Data excerpts
+--

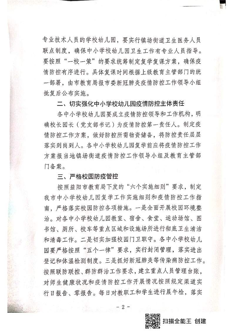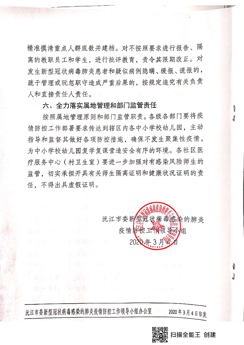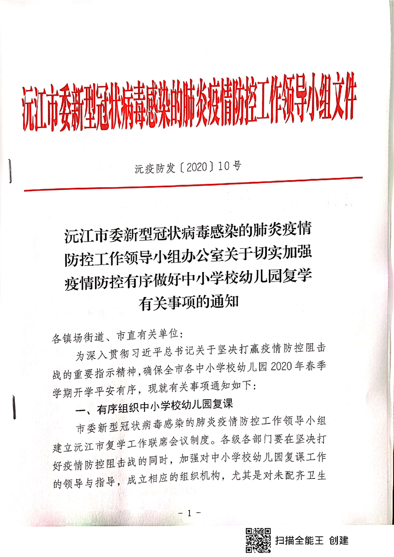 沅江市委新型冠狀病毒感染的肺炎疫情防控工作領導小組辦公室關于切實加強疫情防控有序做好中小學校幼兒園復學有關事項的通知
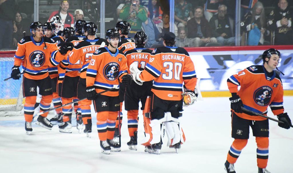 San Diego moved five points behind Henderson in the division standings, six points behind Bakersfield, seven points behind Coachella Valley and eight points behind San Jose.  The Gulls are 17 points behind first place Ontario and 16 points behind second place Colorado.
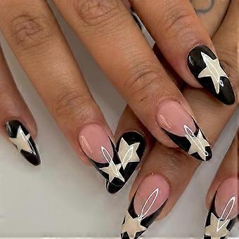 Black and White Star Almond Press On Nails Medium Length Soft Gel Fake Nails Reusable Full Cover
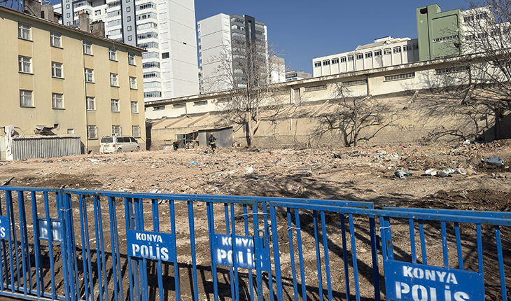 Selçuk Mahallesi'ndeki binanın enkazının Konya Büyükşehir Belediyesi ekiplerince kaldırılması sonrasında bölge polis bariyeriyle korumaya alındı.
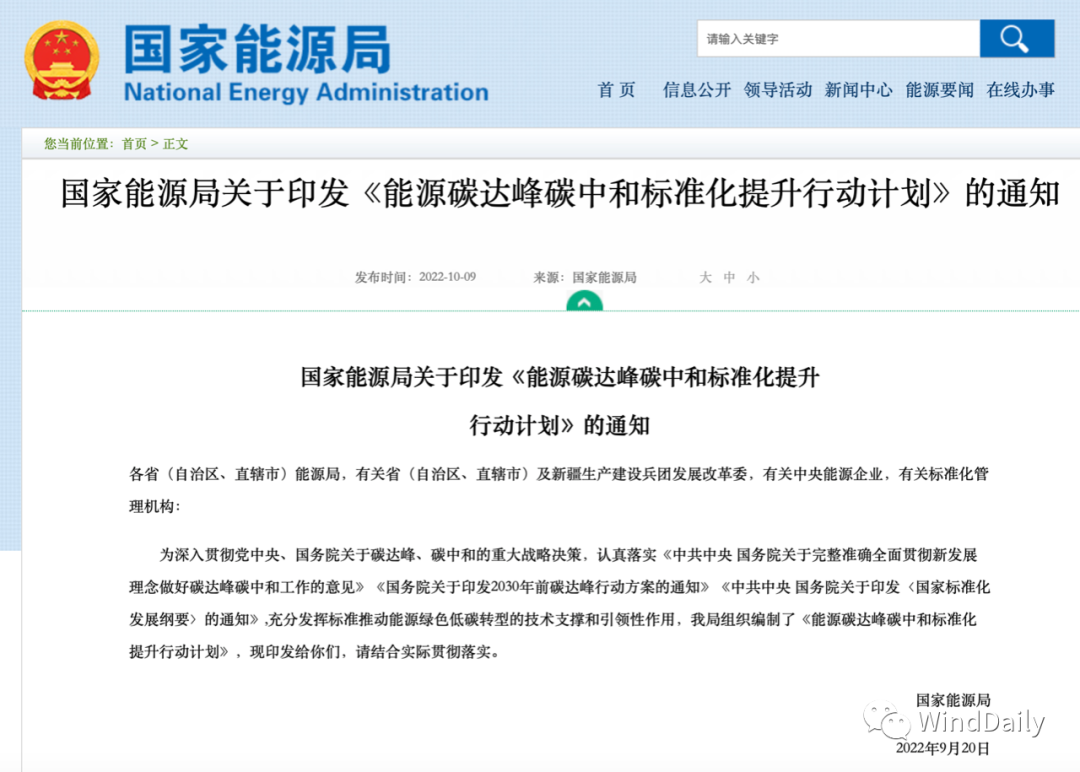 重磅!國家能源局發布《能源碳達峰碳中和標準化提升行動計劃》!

+--

» **Your objective**
Restate the data word for word from its first line through the line with "Black and White", leaving out any picture along the way.

» **Solution**
 沅江市委新型冠狀病毒感染的肺炎疫情防控工作領導小組辦公室關于切實加強疫情防控有序做好中小學校幼兒園復學有關事項的通知
 San Diego moved five points behind Henderson in the division standings, six points behind Bakersfield, seven points behind Coachella Valley and eight points behind San Jose.  The Gulls are 17 points behind first place Ontario and 16 points behind second place Colorado.
 Black and White Star Almond Press On Nails Medium Length Soft Gel Fake Nails Reusable Full Cover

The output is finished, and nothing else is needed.